Volunteers give up almost twice as many hours in Brighton and Hove as they did six years ago, according to a report published yesterday (Thursday).
Taking Account 3 – the third survey of the local community and voluntary sector – said volunteers gave up more 110,000 hours a week last year. This compares with 57,000 hours a week when Taking Account 2 analysed charities and community groups in 2008.
The latest report said that the “third sector” – made up of more than 2,300 organisations – was worth about £127 million to the local economy. The thriving sector attracts money to Brighton and Hove from trusts and charities based elsewhere.
The Taking Account report was put together by Brighton and Hove Community Works, which supports and represents community and voluntary groups and charities.

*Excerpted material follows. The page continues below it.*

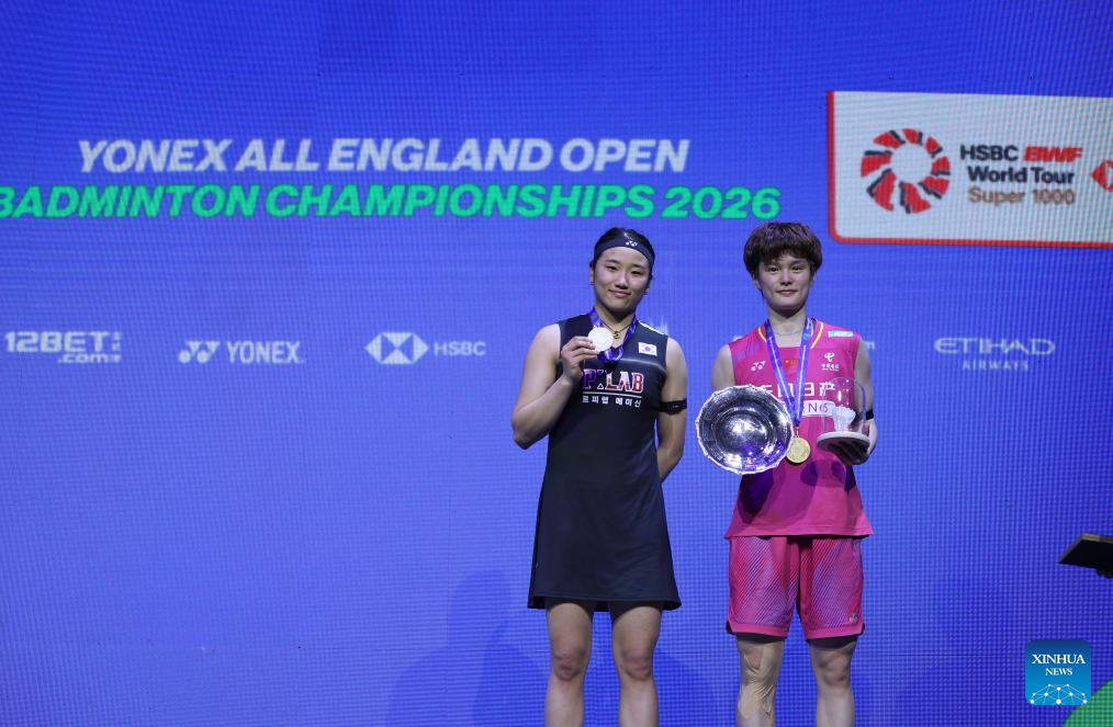 Wang Zhiyi (right) and An Se-young pose at the awarding ceremony for the women's singles final between Wang Zhiyi of China and An Se Young of South Korea at the All England Open Badminton Championships 2026 in Birmingham, Britain, March 8, 2026. (PHOTO / XINHUA)

It said that about 6,900 people work in the third sector in Brighton and Hove, which is 6 per cent of the total number of jobs in the city.
Community Works chief executive Sally Polanski said: “Taking Account enables Community Works to represent the full value of the local voluntary and community sector to our partners, locally and beyond.
“The sector is complex in its diversity, at times challenging to understand, and to have a strong set of data and case studies which tells our story is very powerful.
“We are grateful to our members for taking the time to supply the information needed and welcome the discussions and debate stimulated by the research.”
The chief operating officer of the Brighton and Hove Clinical Commissioning Group Geraldine Hoban said: “The Brighton and Hove Clinical Commissioning Group (CCG) recognises the value of the third sector in its many differing roles.
“Whether this is supporting individuals, providing services, ensuring service user/carer voices are heard and/or supporting the statutory sector in making sure local services are responsive and effective.
“This report enables us to see how the third sector contribute to a number of the CCG’s priorities (for example, supporting those who are “frail”) that is those with complex health/social care and social needs, those who are homeless, and also how organisations are supporting people to self-manage their health and wellbeing.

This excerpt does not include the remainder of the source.